▸ **What is required**: Leaving out the pictures, retype exactly the lines from the one holding "Fumong Pure Milk" through the end of the material.

============

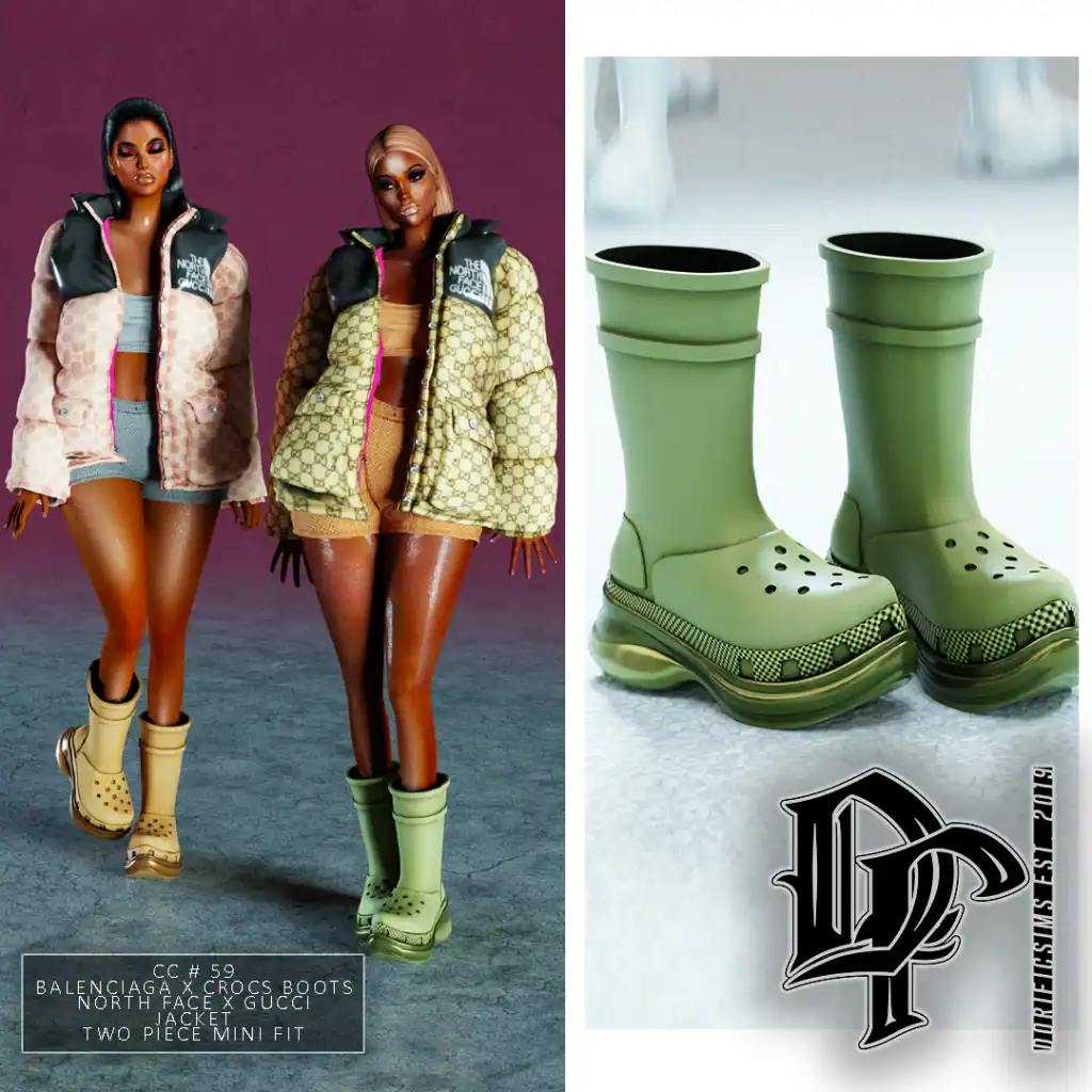 Balenciaga X Crocs Boots are among my favorite Sims 4 Crocs CC. The high-fashion, chunky, statement footwear is inspired by the iconic Balenciaga and Crocs collaboration. The boots feature a bold silhouette with a Crocs base.
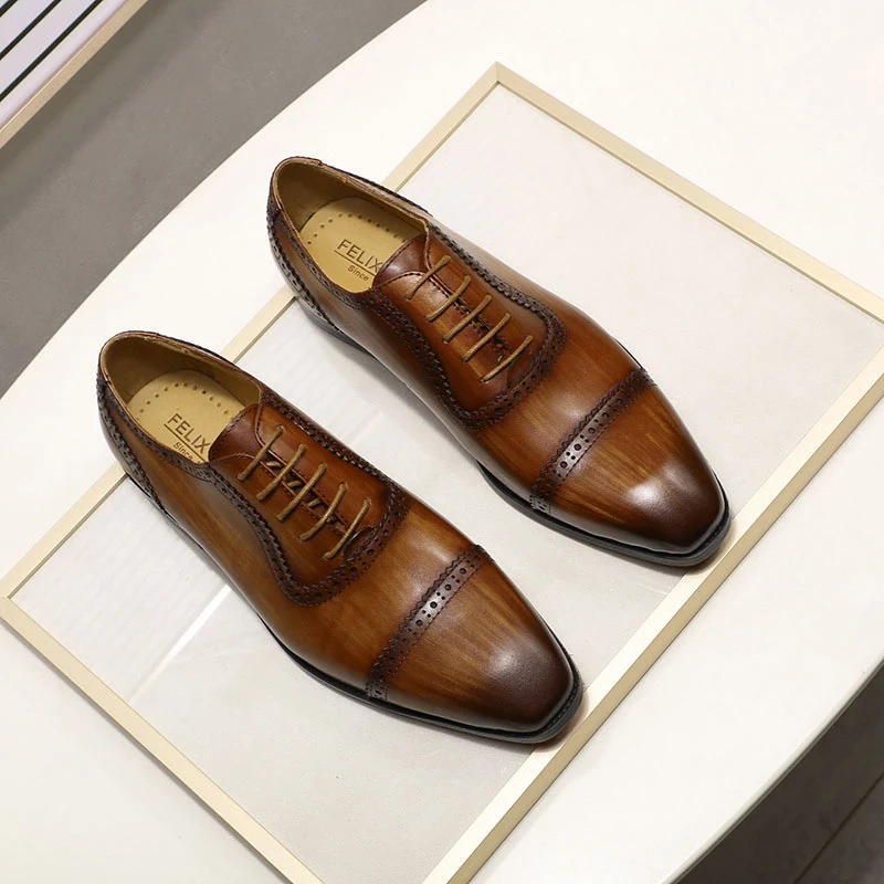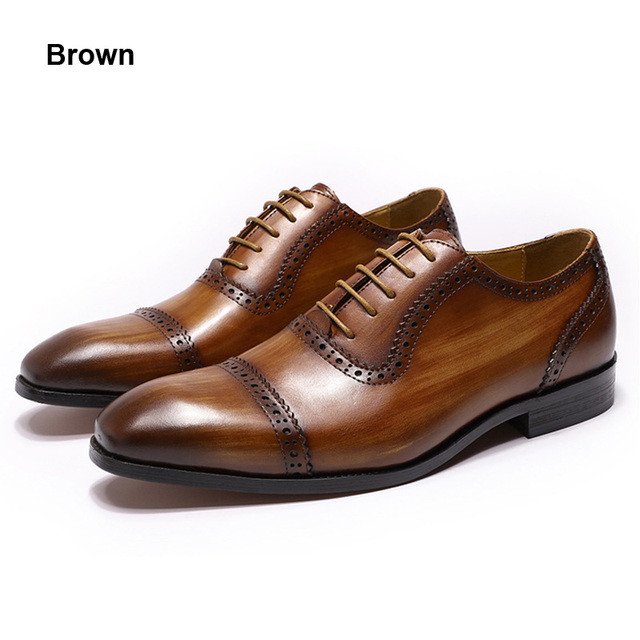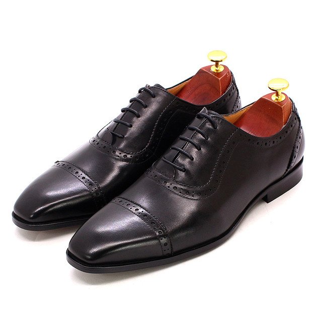 Classique hommes chaussures habillées en cuir de vachette véritable à lacets casquette orteil richelieu Oxford bureau affaires mariage costume formel chaussures pour hommes
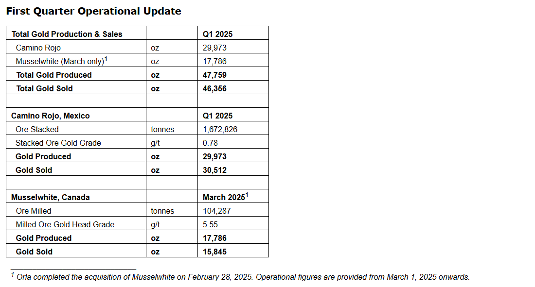 Orla Mining Ltd. has provided an operational update for the first quarter ended March 31, 2025. Camino Rojo is on track to achieve annual guidance of 110,000 to 120,000 ounces of gold following the quarter. Updated 2025 guidance, including the Musselwhite mine, will be provided during the second quarter.
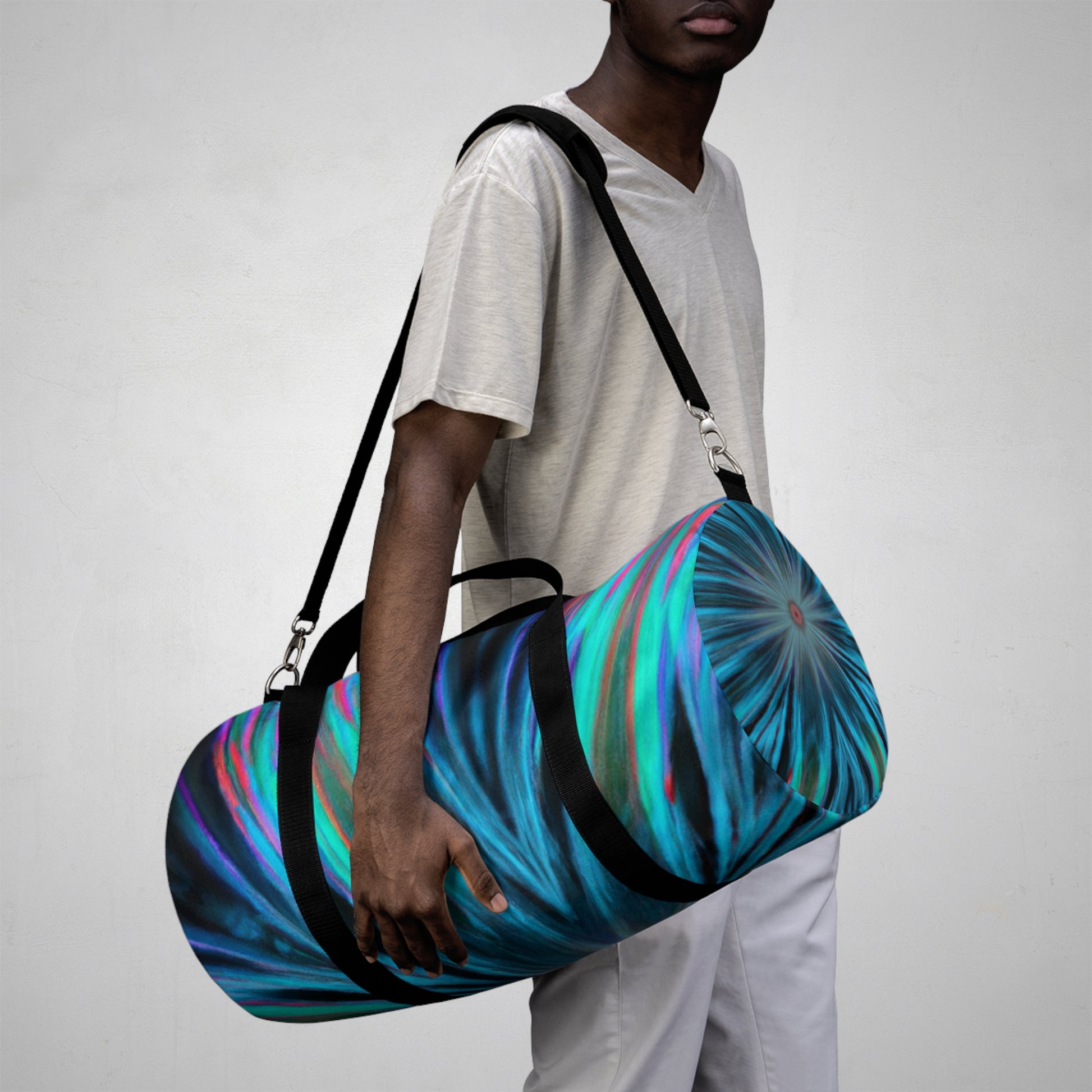 This duffle bag is the perfect mix of style and functionality! The bold Trippy Stars, kaleidoscope, abstract, digital art, vibrant colors, and 3D lines designs create an eye-catching statement. Whether you're going to the gym, the office, or just out for the day, you can be sure your bag will stand out! Plus, it's durable and lightweight enough to wear to any outing. #dufflebag #duffle #bag #stylish #onpoint #style #fashion #travel #outdoors #gym #look #streetstyle #trendy #colors #everdurable #quality #durable #bagstyle #fitness #trimandtrue #abstract #trippy #stars #3Dlines #kaleidoscope #vibrantcolors #digitalart #artsy
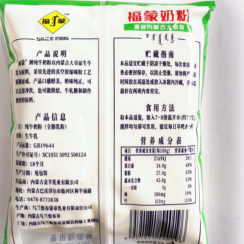 Fumong Pure Milk Powder 320g Inner Mongolia Whole Milk Powder packed breakfast for adult children milk powder
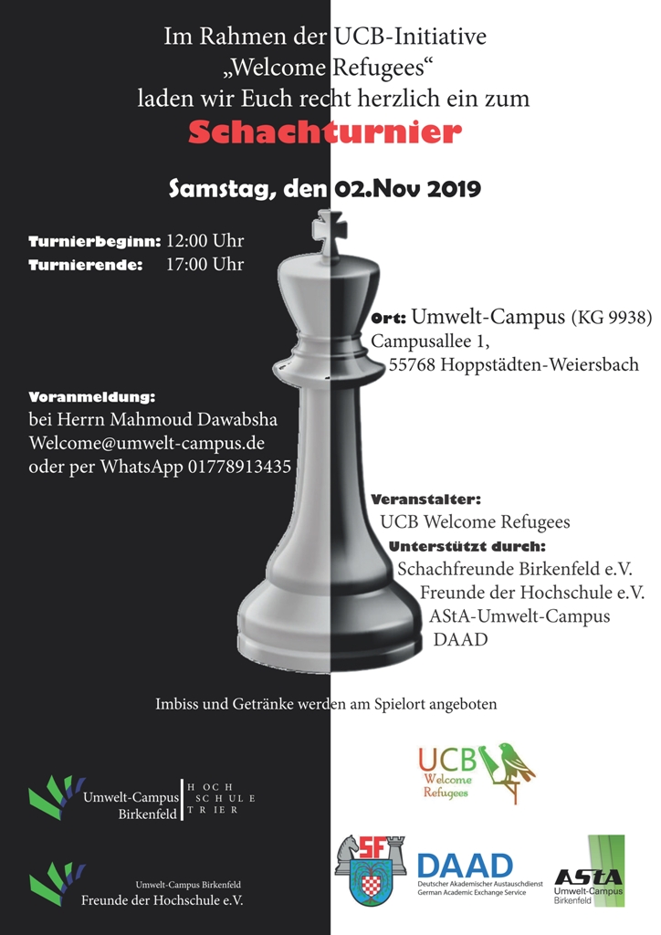 Die Zusammenarbeit zwischen dem Umwelt-Campus Birkenfeld und den Schachfreunden führt zu einem weiteren Highlight. Bereits 2016 richteten wir gemeinsam im wunderschönen Kommunikationsgebäude des Campus ein Schnellturnier im Rahmen der Initiative „Welcome Refugees“ aus, an dem 26 Schachspieler teilnahmen. Nachdem wir 2017 an gleicher Stelle anlässlich unseres 30jährigen Vereinsjubiläums ein Partnersimultan mit IM Nikolas und WGM Melanie Lubbe durchführen durften, wird es in Kürze erneut ein Schnellturnier geben. Organisator ist wie 2016 Mahmoud Dawabsha, der auch die Voranmeldungen unter Welcome@umwelt-campus.de oder per WhatsApp unter 0177 8913435 entgegennimmt.

============

▸ **Answer area**:
 Fumong Pure Milk Powder 320g Inner Mongolia Whole Milk Powder packed breakfast for adult children milk powder
 Die Zusammenarbeit zwischen dem Umwelt-Campus Birkenfeld und den Schachfreunden führt zu einem weiteren Highlight. Bereits 2016 richteten wir gemeinsam im wunderschönen Kommunikationsgebäude des Campus ein Schnellturnier im Rahmen der Initiative „Welcome Refugees“ aus, an dem 26 Schachspieler teilnahmen. Nachdem wir 2017 an gleicher Stelle anlässlich unseres 30jährigen Vereinsjubiläums ein Partnersimultan mit IM Nikolas und WGM Melanie Lubbe durchführen durften, wird es in Kürze erneut ein Schnellturnier geben. Organisator ist wie 2016 Mahmoud Dawabsha, der auch die Voranmeldungen unter Welcome@umwelt-campus.de oder per WhatsApp unter 0177 8913435 entgegennimmt.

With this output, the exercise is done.